KING: I notice it when it happens. Dana texted me on one of those nights, Dana Bash, we have a beautiful son together, which is one of the reasons I get so motivated about people lying about vaccines because it's my job to protect him.

And she noticed and texted me once during election week, are you all right because she knows. I'm OK. There are times you're up for a long stretch and where you just -- sometimes the combination of stress and hard surfaces, standing on hard surfaces for a long time, can exacerbate my symptoms sometimes.

You get fatigued sometimes. It is OK. I was actually -- I was proud of myself. I don't like to talk about myself. At the end of that week, I was proud of myself because I knew how hard some of those days were but it was important for me to do it.

One of the challenges of getting through this -- and, again, millions of people out there dealing with MS and other issues who do this every day. And so I'm not special. It is just what you do. It is what you do. You have something that challenges you, you have to find a way around it.

And you need the love and support of your friends and you need good doctors and when these conversations come up about medical things, as you just went through with Drew Griffin and that remarkable piece, we need the truth.

Let's debate things but let's do it based on the truth. And let's do it, especially when you know. The people at the network you mentioned who are doing this, they're all vaccinated, John. They know. They know these vaccines are safe. They are effective. Debate mandates all you want. Debate them on facts and truth, not lies.

BERMAN: Talk to me about the fact that you say you're immunocompromised.

How has this affected you over the pandemic for yourself?

You mentioned your 10-year-old son and your concerns about your still unvaccinated son.

KING: Well, I decided to come to work every day because I love my job. I think it is important. The pandemic, as horrific as it is, is one of the reasons we do this, right?

It is our job to help people through dark times. It is our job to help them with facts and information and not lies. So I made a decision in consultation with my doctors to try to keep coming to work. My bosses did not know about this at the time.
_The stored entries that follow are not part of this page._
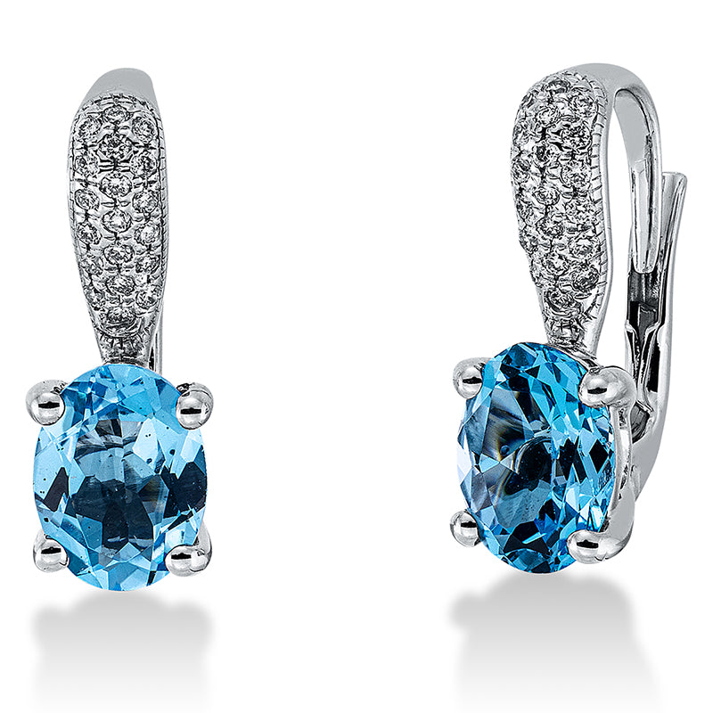 Ohrschmuck 18 kt WG, 40 Brill. 0,15 ct, TW-si, 2 Topase 3,20 ct blau
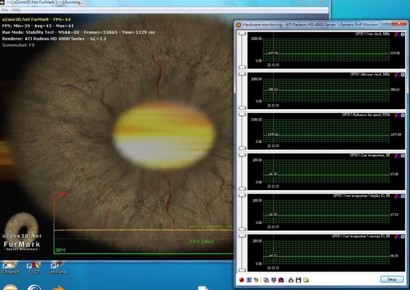 至於這張卡的溫度表現,前面待機溫度已經提過約在50度之間,3DMARK運行的溫度最高溫約在72度左右,接下來用FURMARK用1024*768不開反鋸齒運行約20分鐘。
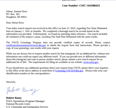 “We completed a thorough search for records based on the information you provided,” Robert Busey, USCIS FOIA Operations Program Manager wrote. “Unfortunately, we found no matching index reference. Our research included all variations of the subject’s name, including Nur Said Elmi Mohamed with the same results.”

But I talked to my doctors because CNN did an amazing job. Wolf and I were the only two coming into this building in the early days of the pandemic. Remember, back then, we were worried about touching surfaces. We knew so little about COVID.
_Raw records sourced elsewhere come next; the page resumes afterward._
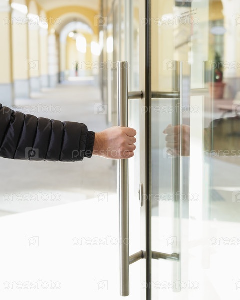 Мужчина берет дверную ручку в руку и открывает дверь. Место скопления коронавируса, COVID-19, микробов, бактерий, вирусов. Прикосновение к заложникам самый быстрый способ заражения
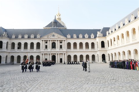 | Cérémonie d’accueil officielle du secrétaire général du PCV, Nguyên Phu Trong, le 26 mars, à l'Hôtel des Invalides à Paris. |
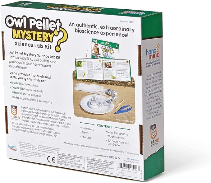 hand2mind Animal Science Kit for Kids 8-12, Kids Science Kit with Fact-Filled Guide, Learn About Animal Biology and Dissect Owl Pellets, STEM Toys, 10 Science Experiments
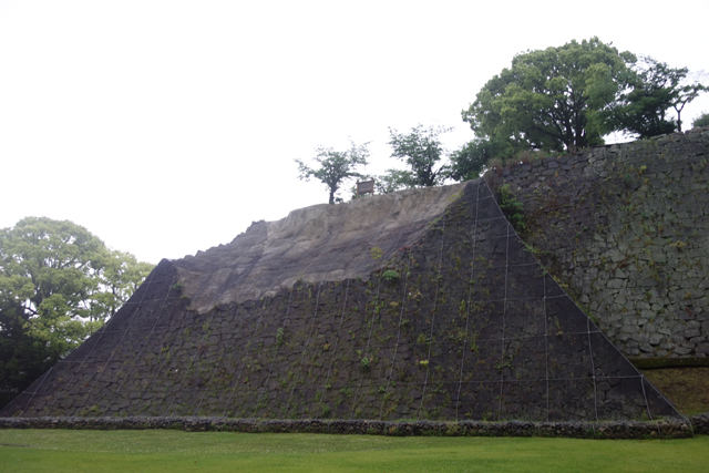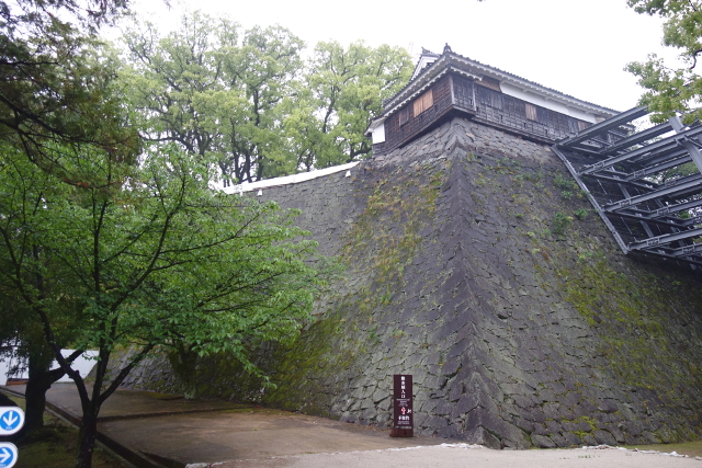 繞出神社,隨坡下行,北東部分的城牆基本與馬路相切,近距離望著「武者返」弧狀拋升,感覺牆體又更加高聳。原以為這區受損不大,走了片刻便見碩大鋼架扶按著城壁,彷彿若少了這力道,就會瞬間倒塌。根據標示,頂頭那棟長樓名曰「平櫓」,與旁邊坡路上的「不開門」形成這區段的隘口。

But it was important for me to do my job and once I understood there were so few people in the building and we could keep safe and everything, there were a couple of days I lost my temper about people wandering around and getting in my way and I apologize for that. It was scary at the very beginning.

But I thought it was important to do my job. To the point about my son, my older children are heroes. And they're out, successful in life, doing incredibly well and keeping themselves safe, even though they're different politically, they respect science and respect facts.

My younger son, it is my job to protect him. You worry, am I the weak link, am I the weak link that will bring COVID into the house?

Because I'm immunosuppressed or immunocompromised.